Page 4 of The Sledding Hill

Since his dad and I checked out, Eddie has added considerable mileage to his running and biking routines. A pounding heart has become the different drumbeat to which he marches. (Death brings out the lyricist in me. I know words I never heard. In every language.) For one thing, in his mind my evil twin has a harder time keeping up with him if he’s on the move, and he can think better, which is about all he’s doing these days. Since he’s not talking, he’s not a lot of fun to hang around with, and he was never all that sociable anyway, so it’s not like kids are lining up to be his good buddy. He tends to shoot from the lip with them as much as with adults. Apart from his dad and my dad, I was about the only person who understood him.

  I could bump him on these runs because he leaves all kinds of avenues open, but I’m not ready to take the chance of running him off the road. He’s wondering today why he’s so mad at me. It’s not the haunting, he thinks. That’s not even real. It couldn’t be. But I’m mad. I’m mad all the time. Billy gets killed, and then I’m mad at him. That’s harsh. But if he were here, I’d punch him. I would. I’d punch him. I mean, how dumb was it to kick a stack of Sheetrock that weighs twice as much as you do and then turn your back on it? Why couldn’t you of just paid attention, Billy? Nothin’s ever gonna be the same. Nothin’. He quickens his pace.

  Once you’re dead you know everything turns out okay—in the way long run—and I’d like to tell him that, but it’s not my place. And the anger has a purpose; to keep the sadness at bay.

  His mind bounces to Tarter. Man, I am headed for SO much trouble. No single kid ever took him on and lived to tell about it. That’s why I need Billy. If he was here I wouldn’t be wimping out getting baptized, ’cause he wouldn’t be FREAKING ME OUT ALL OVER THE PLACE. I mean, what if it doesn’t even work? What if I go givin’ my life to Jesus and Jesus knows I’m just doing it to not be scared? If there’s a Jesus, he probably doesn’t fall for stuff. I hate it that God and him can get inside your head. Like how are you s’posed to get any privacy?

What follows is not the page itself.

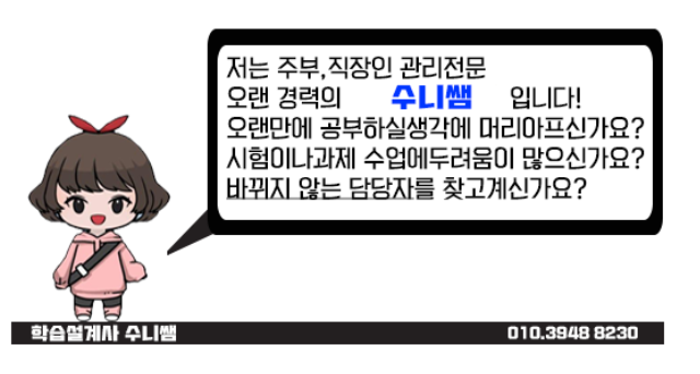 주저하시 마시고 수니쌤에게 연락주시면 되십니다.
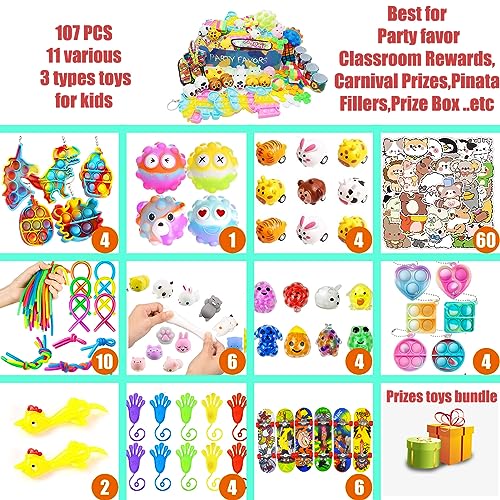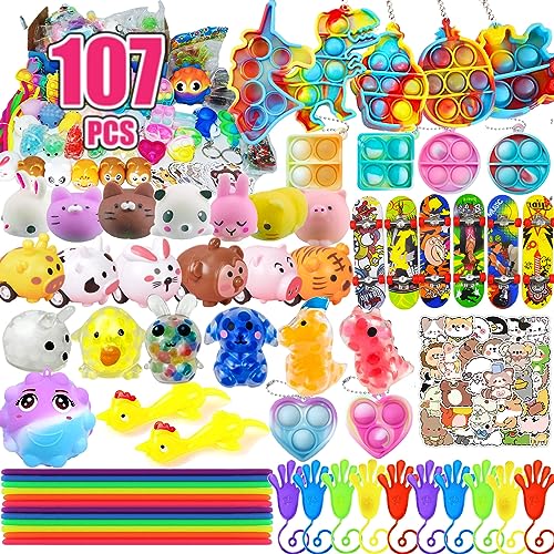 Get ready to upgrade your party game with this 107-piece collection of mini fidget toys, pop-its, squeeze dinos, animal cars, stickers, and more. These toys are handpicked for fun, sensory stimulation, and the βwowβ factor.

  He runs harder and lets his mind run blank, but Tarter reappears. If he were thinking straight, he’d be way more afraid of Tarter than my silly apparition. I won’t talk yet, Eddie thinks. I’ll make him give me more time to think.

  The incident that cranked up Eddie and me happened in sixth grade, when we heard Tarter made Albert Redmond stand in front of the class with his arms extended for chewing gum (second offense) and every time Albert complained, Tarter put a book in his hand and then taunted him about not being strong enough to accept the consequences of his actions. When Albert called Tarter a name that rhymes with Albert’s father’s job driving eighteen-wheelers over the nation’s highways, Tarter got him suspended for three weeks and wouldn’t let him back until he apologized in front of the entire class for exposing them to “the language of the ignorant and obscene.”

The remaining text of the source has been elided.